I hope that everything goes well with you and that you have had the time to work on your new book. I would be happy to hear from you if ever the demands on your time let up.
As ever, Donald
New York, December 19, 2006
Dear Donald—
It is midnight, and I am packing for departure tomorrow to Rome—whence I’ll be going on to Naples and Capri; returning to New York on 13 January. I look forward so much to seeing you then, and learning, among other things, how your new work is progressing. I am taking my own ms and a congenial book or two to Italy, hoping to resume my work after constant interruptions of appeals, demands, TASKS, that are increasingly encroaching on my life. I come to feel that brutality (on my part) is the only solution . . .
New York is frenzied with Christmas chaos. I enjoy seeing friends, hearing music, but the atmosphere of a crazy beehive is distracting. Otherwise, all is well privately, even while all is ill with the world; and I look forward to seeing Italy come up in the dawn the day after tomorrow.
If, as I hope, you will be attending the Academy meeting on the 17th, can we possibly sit together? How nice it will be to see you again.
With apologies for silence, with warmest thanks for your kind letter. With all affection—Shirley.
Tokyo, August 14, 2007
Dear Shirley,
It has been a very long time since I heard from you (and since I last wrote). I seem to have lost any sense of time ever since I had my accident. When Dr Deland said, “come back in six weeks” it seemed like a small eternity, but the time passed somehow. After the stated six weeks, the cast was removed, only to be replaced with a heavier one. This time I was told to come back in five weeks. Finally, I decided I would go to Japan. A new book was to appear, and it was desirable that I be present to help with the publicity. I went back to Dr Deland who said this time the cast could be replaced by a removable boot.

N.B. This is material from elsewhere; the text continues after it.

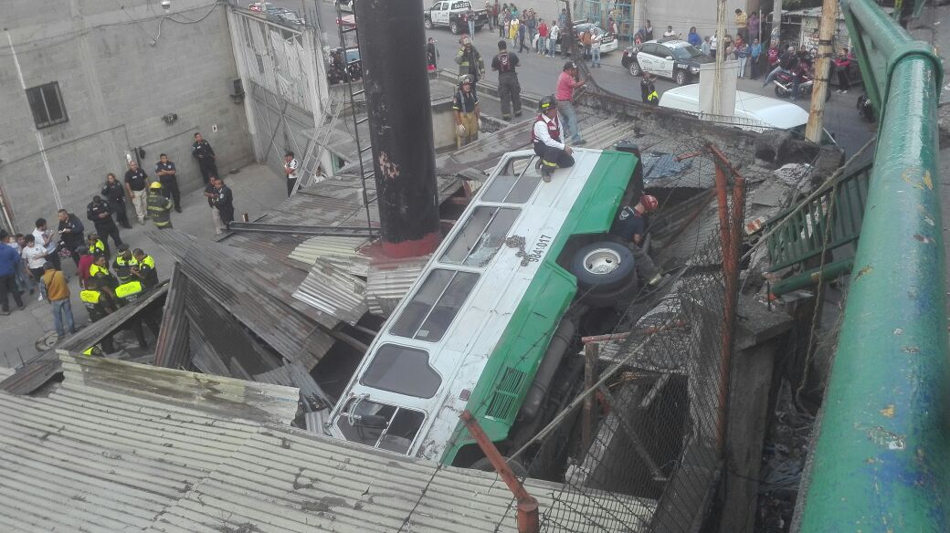 Microbús vuelca en Periférico Norte y cae sobre bodegas

After reaching Tokyo I went to a good hospital where my foot was once again X rayed. I was told to come back in a month. Then, on the 8th of August, I saw the doctor. He informed me that the bone had not yet healed. “It will be a long process,” he said. But he also said that I need not wear the boot any longer, and that I should go about my daily tasks normally, without worrying too much about the foot. And that is where I am now.
It has been four months since the accident. In retrospect, it seems like a period of undifferentiated, rather depressing time. But I’ve come to realize that I was lucky. Edward Seidensticker, a distinguished translator of Japanese, had a similar accident at almost the same time—going down a flight of stairs in Tokyo. He hit his head in falling, and has not regained consciousness after four months. That could have happened to me. I was also lucky in that Shiro so devotedly obtained food and everything else I needed. I cannot imagine how I would have survived otherwise, though I suppose that I could have hired someone.